Jean Calas tué par l’intolérance religieuse

Ça s'est passé un 

10 Mars 1762

Près de deux siècles après les massacres de la Saint-Barthélemy, les persécutions contre les protestants étaient certes moins violentes que pendant les guerres de religions, mais elles n’avaient pas cessé. L’intolérance religieuse se réveillait au moindre prétexte. Sous le règne de Louis XV, les réformés de sexe masculin surpris alors qu’ils participaient à des cultes clandestins dits « au désert » étaient envoyés aux galères pendant que les femmes étaient jetées en prison et leurs filles enfermées dans des couvents. Les enfants nés dans les familles « hérétiques » n’avaient pas droit à l’état-civil. Le parlement de Toulouse se distingua de la pire façon contre la religion minoritaire. En février 1762, le pasteur François Rochette et trois nobles protestants, les frères Henri, Jean et Joachim Grenier, furent condamnés à mort. Les juges reprochaient au premier d’avoir pratiqué le culte interdit en cachette ; les seconds étaient accusés de « crime de sédition » pour avoir tenté de libérer le pasteur emprisonné. Le 19 février 1762 Rochette fut pendu et les frères Grenier décapités, place du Salin à Toulouse. Au même moment, la population était hystérisée par l’affaire Calas qui concernait une famille de drapiers protestants. Le 13 octobre 1761, le calviniste Jean Calas découvrit son fils Marc-Antoine pendu dans une pièce du magasin. Il le détacha et alerta les autorités. Il affirma que le crime avait été commis par un inconnu, pour éviter que la dépouille de son fils fût trainée dans les rues par un cheval avant d’être jetée dans une fosse commune, un sort alors réservé aux suicidés. 
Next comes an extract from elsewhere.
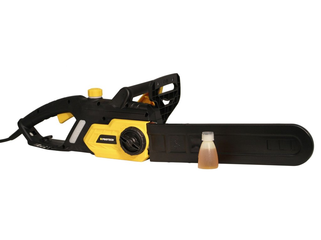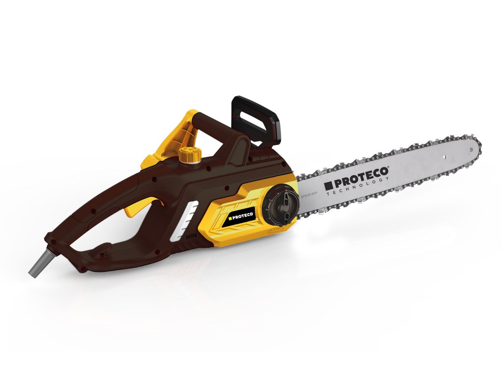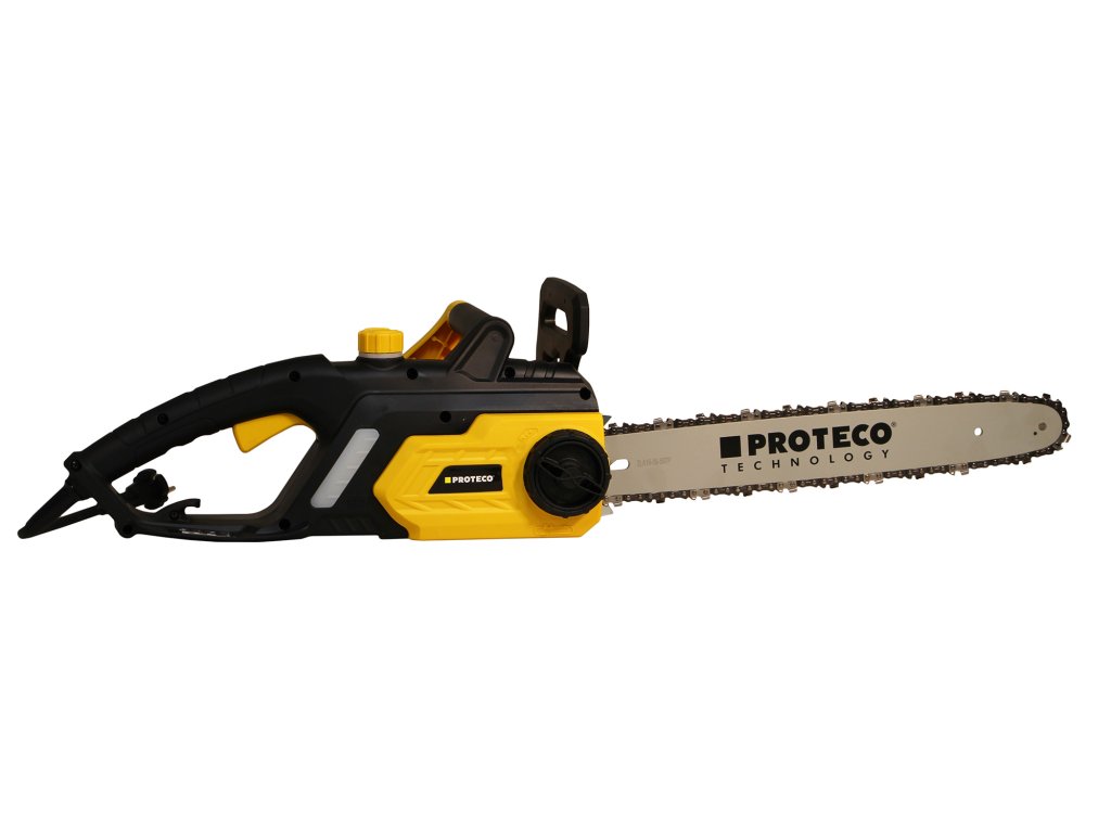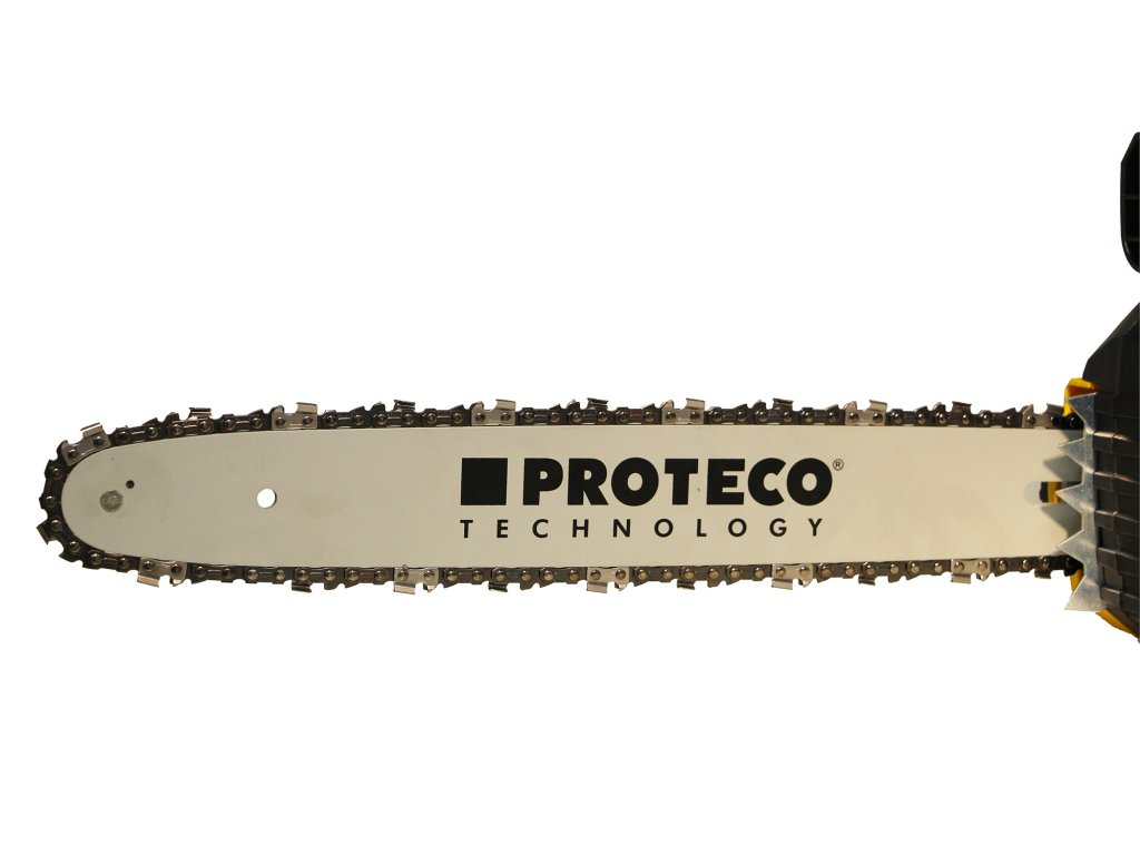 Elektrická řetězová pila Proteco s výkonným motorem 2 400 W a řídící elektronikou pro plynulý náběh do konstantních pracovních otáček. Konstrukce pily nabízí sadu standartních bezpečnostních prvků (doběhovou brzdu, bezpečnostní brzdu) a automatické mazání řetězu. Řetěz pily má 57 zubů. Pila má dále FASTFIX - výměnu a napínání řetězu bez použití nástrojů a SOFTSTART - omezení rozběhového proudu pro šetrné uvedení stroje do provozu a pozvolný náběh do pracovních otáček. Na pile je přehledný olejoznak pro kontrolu stavu oleje v nádržce.

Les médecins arrivés sur les lieux conclurent à une mort par strangulation. Jean Calas confirma qu’il avait menti pour pouvoir enterrer dignement son fils. Mais bientôt, une rumeur se répandit dans la ville : le protestant Jean Calas avait assassiné Marc-Antoine avec la complicité de la famille parce que son fils souhaitait se convertir au catholicisme. L’Eglise donna foi aux affirmations du peuple en accordant au défunt le statut de martyr et en organisant des funérailles solennelles suivies par des milliers de personnes. Le procès de la famille Calas fut suivie par une foule rendue haineuse par l’intolérance religieuse. Faute de preuves suffisantes et d’aveux du présumé coupable, les juges décidèrent que les ouï-dire compteraient pour un quart de preuve et les ragots pour un-huitième. En totalisant ces « indices », ils conclurent à la culpabilité de Calas, malgré ses dénégations. Douze des treize magistrats le condamnèrent à être roué vif. Le 10 mars 1762 la sentence fut appliquée place Saint-Georges. Dans le but de lui faire avouer son crime, le nom de ses complices et les circonstances de l’assassinat on lui fit subir au préalable la question ordinaire et extraordinaire. Jean Calas continua à clamer son innocence sous la torture. Le bourreau lui rompit alors les quatre membres. On le laissa agoniser pendant deux heures. Par mesure spéciale, on abrégea ses souffrances en l’étranglant. Sa dépouille fut brûlée. La femme de Calas fut acquittée. Ses deux filles furent enfermées dans un couvent et son fils Pierre banni du royaume.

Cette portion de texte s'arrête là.